You should make sure that the directory names end in "/" and that the prefix name ends in "_". 

## How to run it

It is always good to check that the pipeline will run and will do what you think it will before you actually run this. To do this, run Snakemake with the dry run option (`-n`). I like to output the results to a file so I can look at them later:

```
snakemake -n > plan.txt
```

This will either give you an error if something is wrong (for example maybe one of your files is missing) or it will print out a list of all the jobs it will run. If this runs without error and looks as you expect you are ready to run the pipeline. 

I prefer to submit the pipeline from an `sinteractive` session on a compute node. This makes it easy to kill in the middle if I want to by terminating the session. If you do this, make sure to log on to start the session with the `screen` command. This will let you "detatch" the session so that it keeps running even when the window is closed.

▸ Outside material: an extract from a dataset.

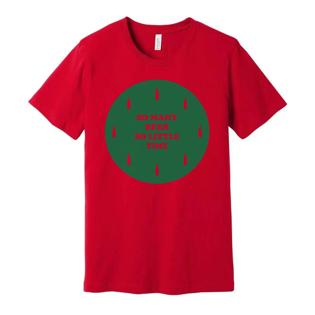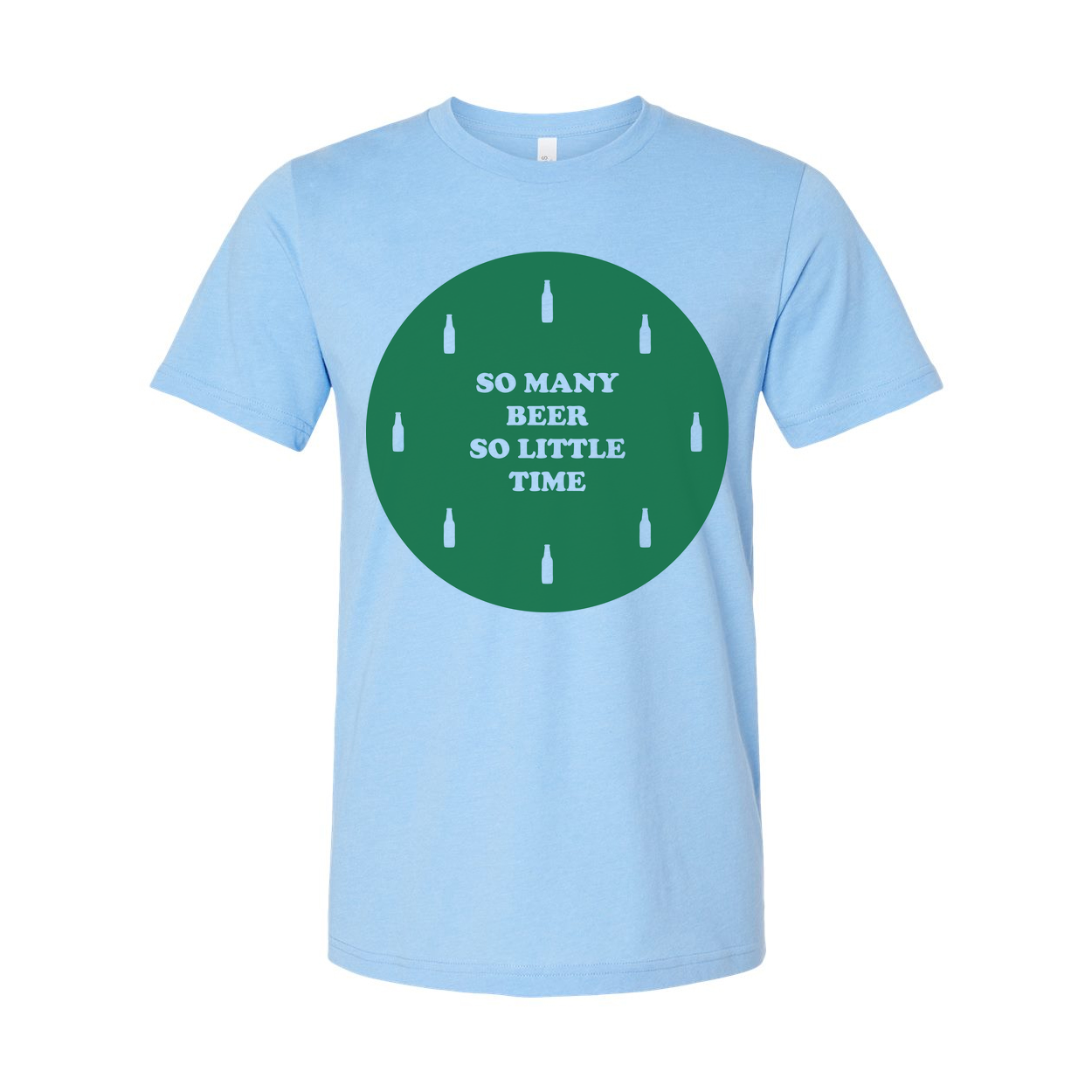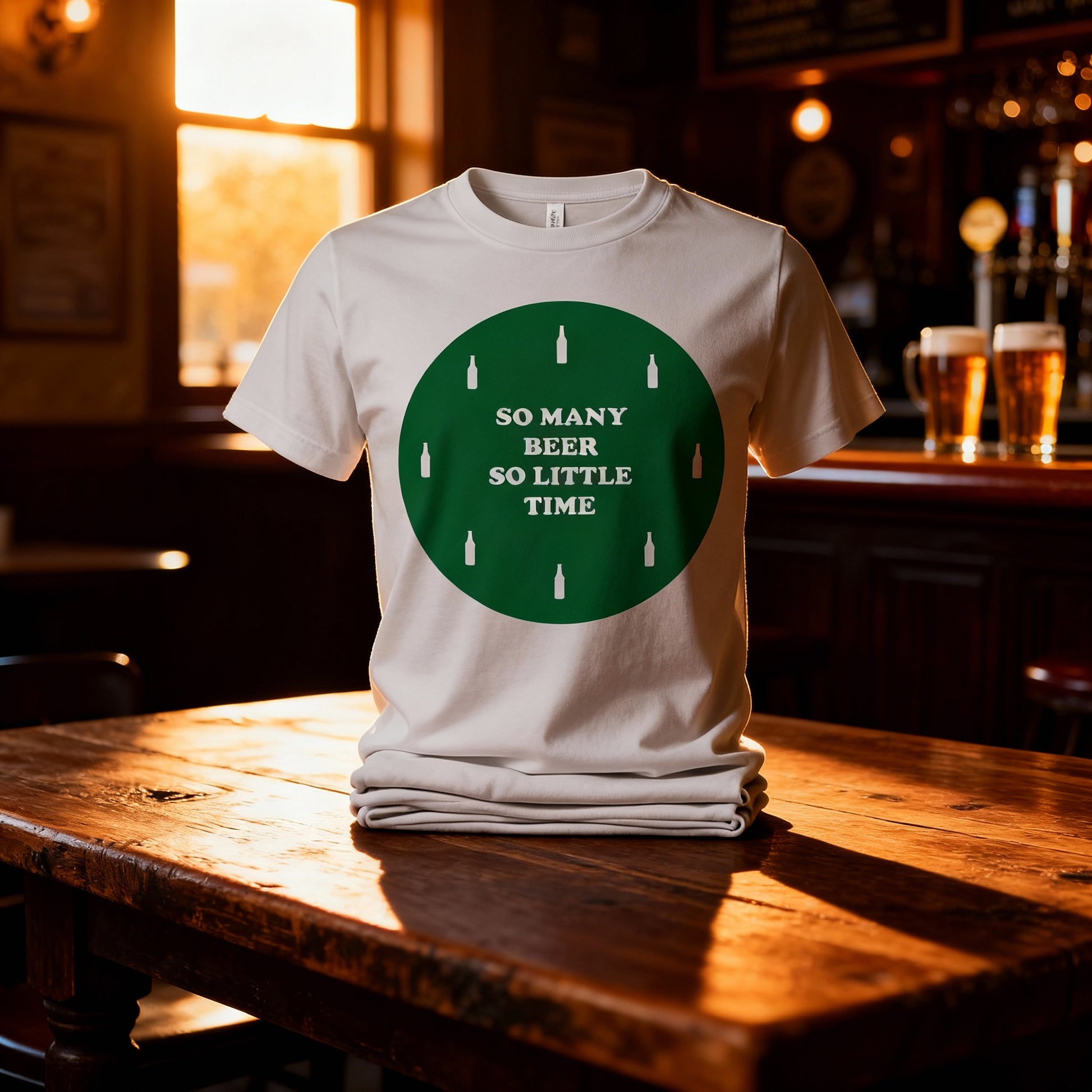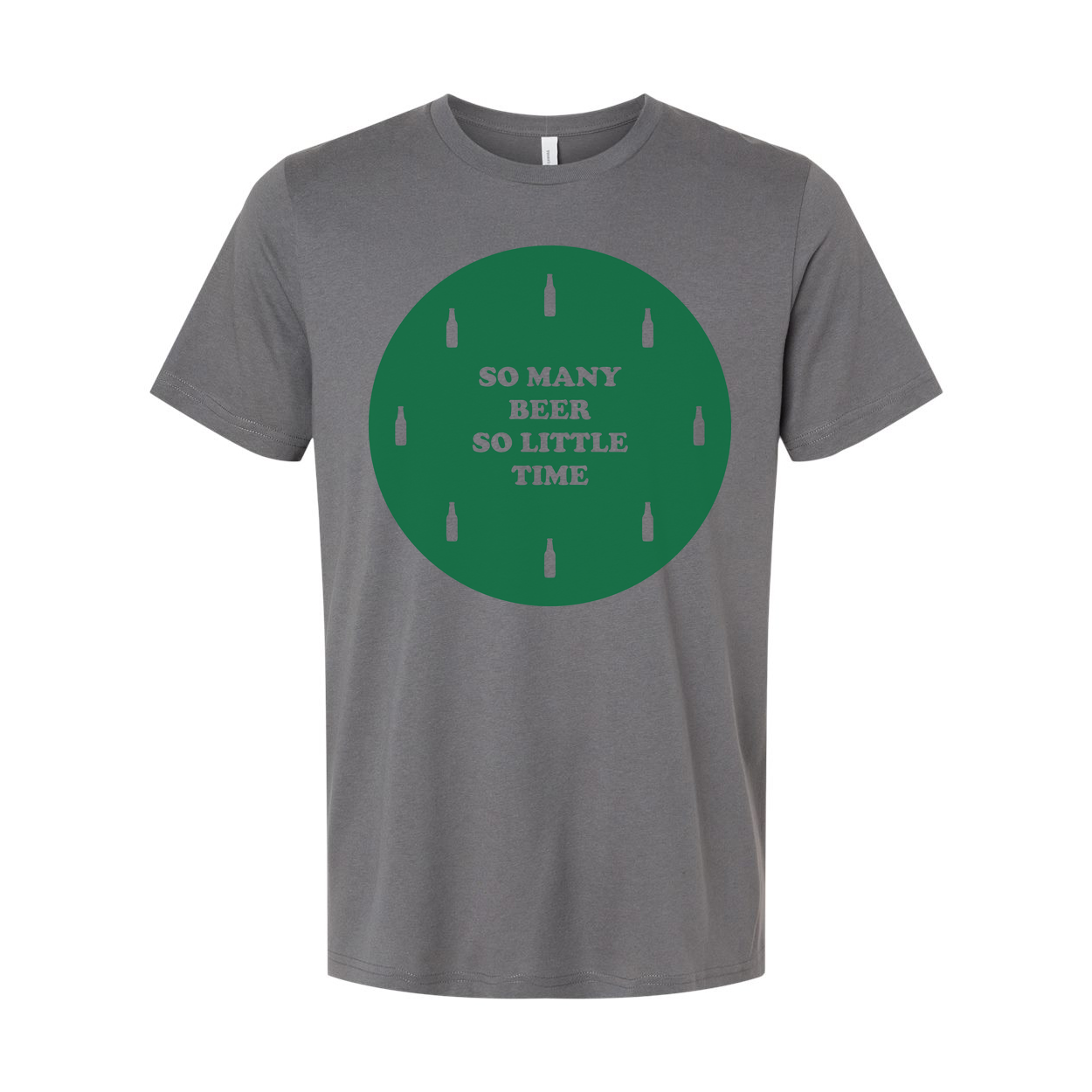 Unisex Beer Graphic T Shirt With Green Circular Design And Bottle Icons On Front

You can use a command like

```
screen sinteractive --account pi-mstephens --partition mstephens  --mem 5G --time 4-00:00:00
```

This starts an `sinteractive` session on the `mstephens` partition that will run for 4 days (unless you kill it early) and will be allotted 5G of memory. 

Next run Snakemake using

```
nohup ./run-snakemake.sh & 
```

The `nohup` and `&` parts make sure that the command keeps running when the window is closed. You might need to give `run-snakemake.sh` executable permissions using `chmod a+x run-snakemake.sh`. 

When this is submitted, Snakemake will run and will take care of submitting jobs to the cluster. Log files will be written to a subdirectory called `log`. You can see output as it runs in `nohup.out` (unless you redirect to another output file using `nohup ./run-snakemake.sh > myfile.out & `. 

You can detatch your screen session using Ctrl-d.